DATA FOR THIS EXERCISE »
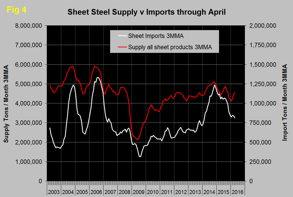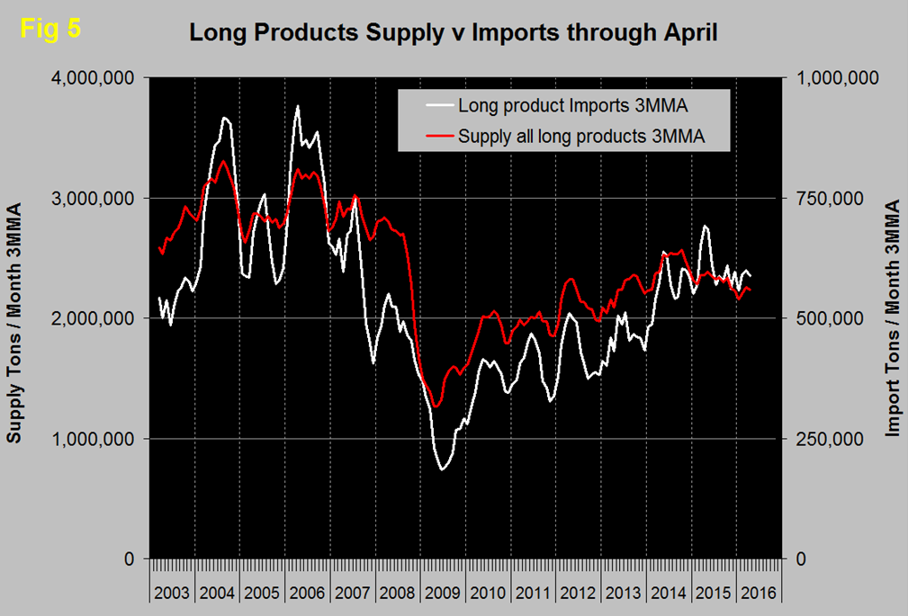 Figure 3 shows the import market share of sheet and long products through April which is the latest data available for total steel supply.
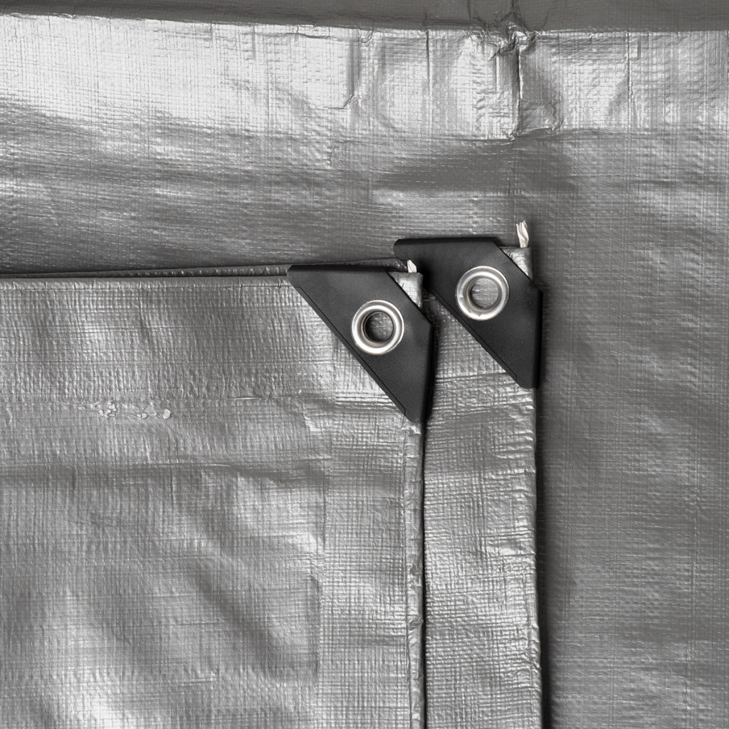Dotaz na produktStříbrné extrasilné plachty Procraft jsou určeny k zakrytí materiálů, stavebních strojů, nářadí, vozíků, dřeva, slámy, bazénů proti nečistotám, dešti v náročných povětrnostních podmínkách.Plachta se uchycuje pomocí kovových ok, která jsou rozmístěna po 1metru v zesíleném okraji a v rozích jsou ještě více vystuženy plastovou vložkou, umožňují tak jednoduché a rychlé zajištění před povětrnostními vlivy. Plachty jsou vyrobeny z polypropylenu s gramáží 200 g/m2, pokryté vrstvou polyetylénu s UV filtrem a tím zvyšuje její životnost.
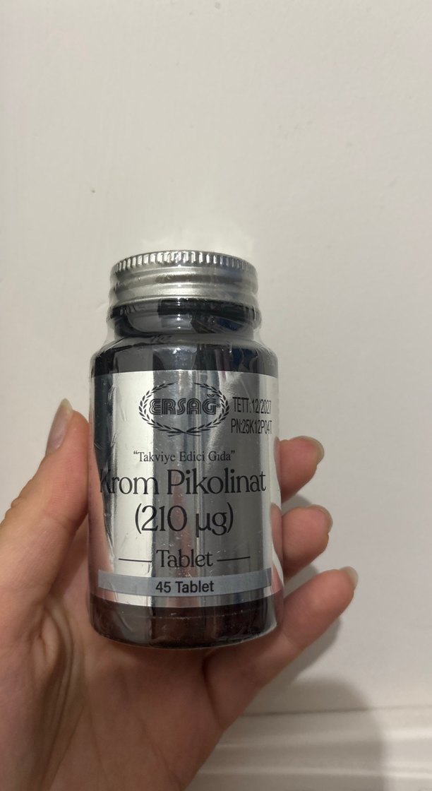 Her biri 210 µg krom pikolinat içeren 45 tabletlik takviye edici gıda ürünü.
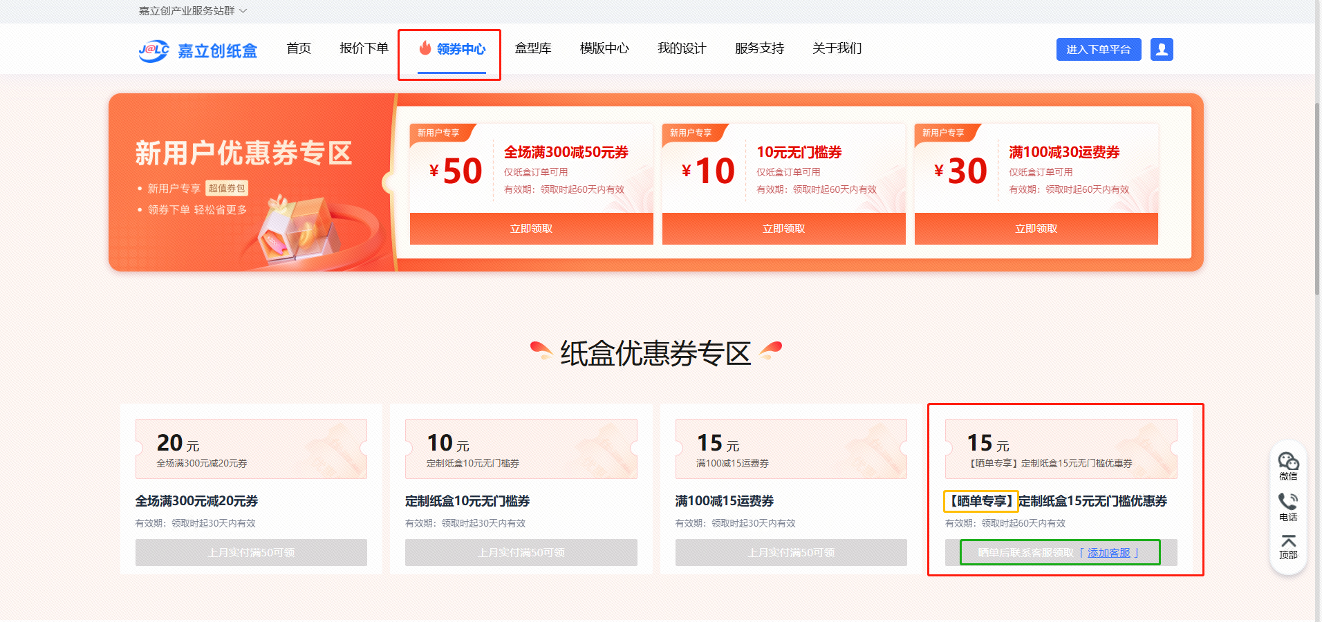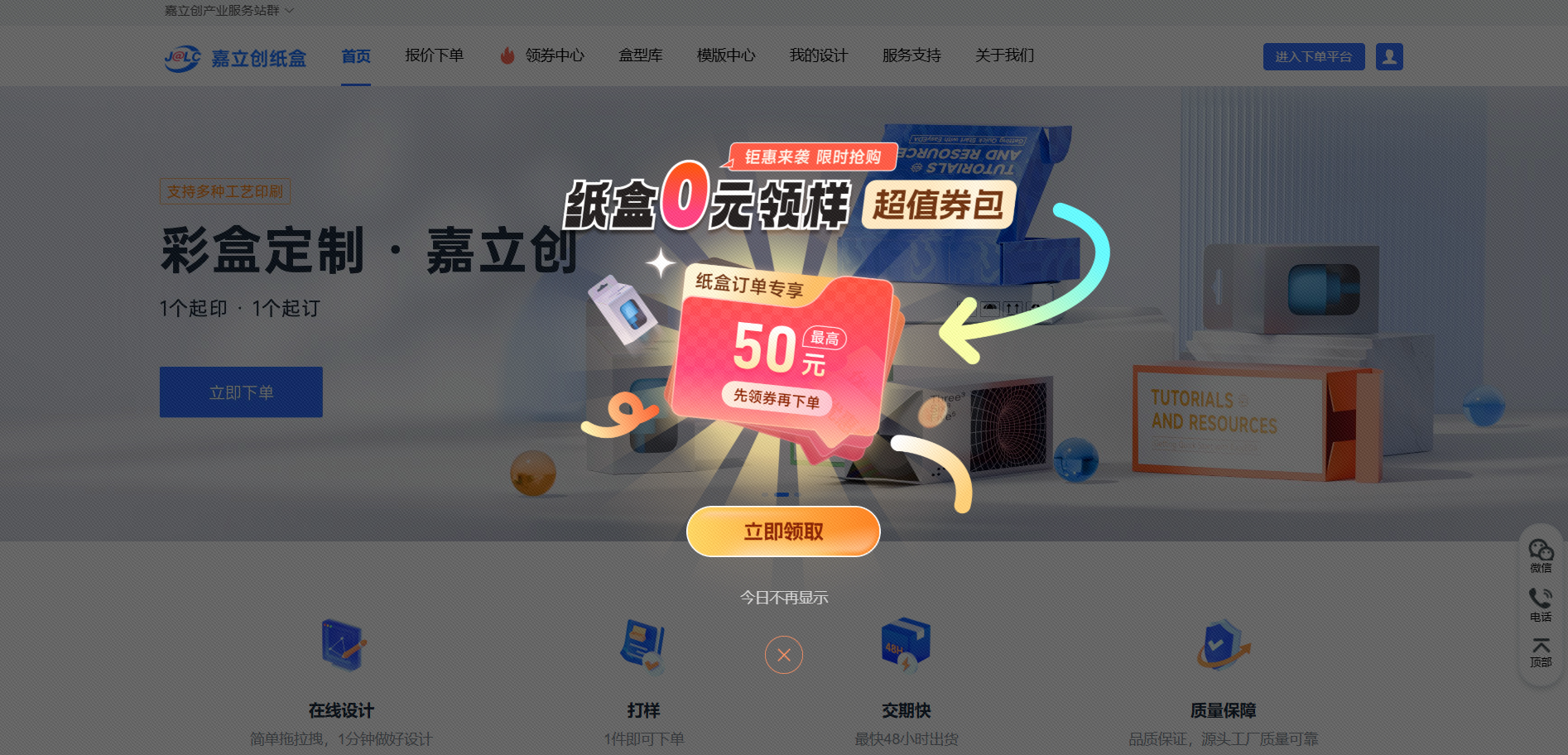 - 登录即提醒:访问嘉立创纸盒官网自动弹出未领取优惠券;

* * *

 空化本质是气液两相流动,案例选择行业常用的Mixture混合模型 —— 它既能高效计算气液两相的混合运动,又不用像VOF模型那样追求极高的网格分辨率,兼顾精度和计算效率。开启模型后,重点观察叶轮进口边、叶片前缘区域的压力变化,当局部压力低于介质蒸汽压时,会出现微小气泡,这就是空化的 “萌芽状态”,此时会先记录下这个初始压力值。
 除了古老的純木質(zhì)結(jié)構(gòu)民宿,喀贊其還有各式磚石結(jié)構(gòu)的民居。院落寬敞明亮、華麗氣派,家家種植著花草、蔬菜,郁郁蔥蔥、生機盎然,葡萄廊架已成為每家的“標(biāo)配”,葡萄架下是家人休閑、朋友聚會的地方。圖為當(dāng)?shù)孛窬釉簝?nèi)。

--

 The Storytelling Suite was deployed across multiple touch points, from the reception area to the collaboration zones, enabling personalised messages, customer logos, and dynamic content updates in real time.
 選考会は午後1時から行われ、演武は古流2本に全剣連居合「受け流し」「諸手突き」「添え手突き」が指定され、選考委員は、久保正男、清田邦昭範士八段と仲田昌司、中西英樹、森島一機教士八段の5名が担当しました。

EXERCISE DESCRIPTION » I would like the exact lines from the data above, starting with the one that holds "Dotaz na produktStříbrné" and going on through the one that holds "- 登录即提醒:访问嘉立创纸盒官网自动弹出未领取优惠券;", without the pictures.

RESPONSE FOR THIS EXERCISE »
Dotaz na produktStříbrné extrasilné plachty Procraft jsou určeny k zakrytí materiálů, stavebních strojů, nářadí, vozíků, dřeva, slámy, bazénů proti nečistotám, dešti v náročných povětrnostních podmínkách.Plachta se uchycuje pomocí kovových ok, která jsou rozmístěna po 1metru v zesíleném okraji a v rozích jsou ještě více vystuženy plastovou vložkou, umožňují tak jednoduché a rychlé zajištění před povětrnostními vlivy. Plachty jsou vyrobeny z polypropylenu s gramáží 200 g/m2, pokryté vrstvou polyetylénu s UV filtrem a tím zvyšuje její životnost.
 Her biri 210 µg krom pikolinat içeren 45 tabletlik takviye edici gıda ürünü.
 - 登录即提醒:访问嘉立创纸盒官网自动弹出未领取优惠券;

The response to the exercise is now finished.